The OX1LP-30mL Dissolved Oxygen Package has features included in no other polarographic O2 monitoring system. The O2 electrode within the water-jacketed cuvette may be used for measurements of O2 consumption (or production) by biological samples or enzymatic reactions. Calibration is a simple 2-point process, and all the requirements for calibration are supplied as part of the package.

For many O2 electrodes, changing the membrane is a tedious and awkward process. Not so with Qubit Systems’s O2 electrode. The membrane is located under the cuvette, which screws onto the base plate, and requires only a few seconds to change. All materials for replacing the membrane (filter paper and membrane material) are included in the Dissolved Oxygen Package.

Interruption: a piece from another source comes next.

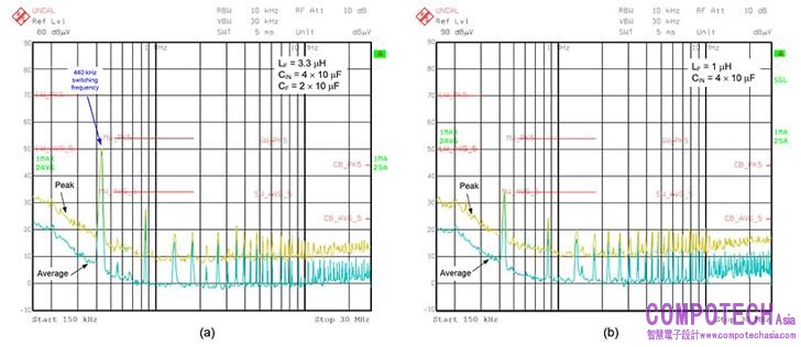 圖 2 以傳導式 EMI 測試為基礎,比較被動式與主動式 EMI 濾波器設計,使用峰值與平均偵測器來符合 Comité International Spécial des Perturbations Radioélectriques (CISPR) 25 Class 5 標準。每個設計都採用以 LM25149-Q1 同步降壓 DC/DC 控制器為基礎的功率級,從 13.5 V 汽車電池輸入提供 5 V 與 6 A 輸出。切換頻率為 440 kHz。

Using C901 Logger Pro software, the O2 electrode may be calibrated in units of mg O2/L, % dissolved O2, ppm, or whatever units are appropriate for your study. The Dissolved Oxygen Package provides excellent accuracy and a resolution of 0.1% O2 (where air saturated water = 100%). Dissolved O2 values may be expressed in any desired units (mg/L; % dissolved O2; ppm etc) based on a simple calibration procedure. The water jacket allows calibrations and experiments to be carried out at the same temperature, or a simple temperature correction can be made in software for measurements made at different temperatures.

Applications

The Dissolved Oxygen Package may be used for any application that involves measurement of O2 in aqueous solutions. It can be used in the laboratory for measurement of O2 concentrations from samples taken from rivers and lakes, or to measure O2 consumption (or production) by living organisms. The Dissolved O2 Package is a perfect complement to Qubit Systems’ Respiration, Plant CO2 Analysis and Photosynthesis Packages. While these packages are designed to measure the exchange of respiratory and photosynthetic gases in the gas phase, the O2 electrode allows similar measurements to be made on aquatic organisms, and also on isolated organelles, such as mitochondria and chloroplasts.

Experiments Include:

  • Measurement of Aquatic Photosynthetic O2 Evolution
  • Effect of Inhibitors on Mitochondrial Electron Transport
  • Analysis of Light-dependent Chloroplast Electron Transport
  • Effects of Temperature on O2 Uptake by Aquatic Animals
  • Kinetics of O2-consuming Enzymes

Optional Components:

  • Syringes for addition of metabolites to the cuvette; (A141) 10µL, (A143) 50µL, A145) 100µL
  • S172 Thermistor (sample temperature)
  • A111 Variable halogen light source
  • S141 Light sensor

Experimental data showing the oxygen consumption rate of Glucose Oxidase using the OX1LP Dissolved Oxygen Package:

Other OX1LP Packages:

  • OX1LP-1ml
  • OX1LP-4ml
  • OX1LP-6ml
  • OX1LP-50ml

References:

  • Iris Bauer and Andreas Kappler. Rates and Extent of Reduction of Fe(III) Compounds and O2 by Humic Substances. Environ. Sci. Technol. Vol 43, Number 13, p4902–4908 ( 2009).
  • Carrie M. Mosher, Matthew A. Hummel, Timothy S. Tracy and Allan E.  Rettie. Functional Analysis of Phenylalanine Residues in the Active Site of Cytochrome P450 2C9. Biochemistry Vol 47, Number 45, p11725–11734 (2008).
  • Bryce A. Mendelsohn, Bethany L. Kassebaum and Jonathan D. Gitlin. The zebrafish embryo as a dynamic model of anoxia tolerance.  Developmental Dynamics Vol 237, Issue 7,p1780–1788 (2008).
  • Bryce A. Mendelsohn and Jonathan D. Gitlin. Coordination of development and metabolism in the pre-midblastula transition zebrafish embryo.  Developmental DynamicsVol 237, Issue 7,p1789–1798 (2008).
  • Johnson EA, Rosenberg J, McCarty RE.  Expression by Chlamydomonas reinhardtii of a chloroplast ATP synthease with polyhistidine-tagged beta subunits.  Biochimica et Biophysica Acta 1767:374-380 (2007)
  • Johnson E A. Altered expression of the chloroplasts ATP synthase through site-directed mutagenesis in Chlamydamonas Reinhardtii.  Photosynth Res vol 96:153-162 (2008)
  • Charles W. Locuson, Peter M. Gannett and Timothy S. Tracy. Heteroactivator effects on the coupling and spin state equilibrium of CYP2C9. Archives of Biochemistry and Biophysics Vol 449, Issues 1-2, p115-129 (2006).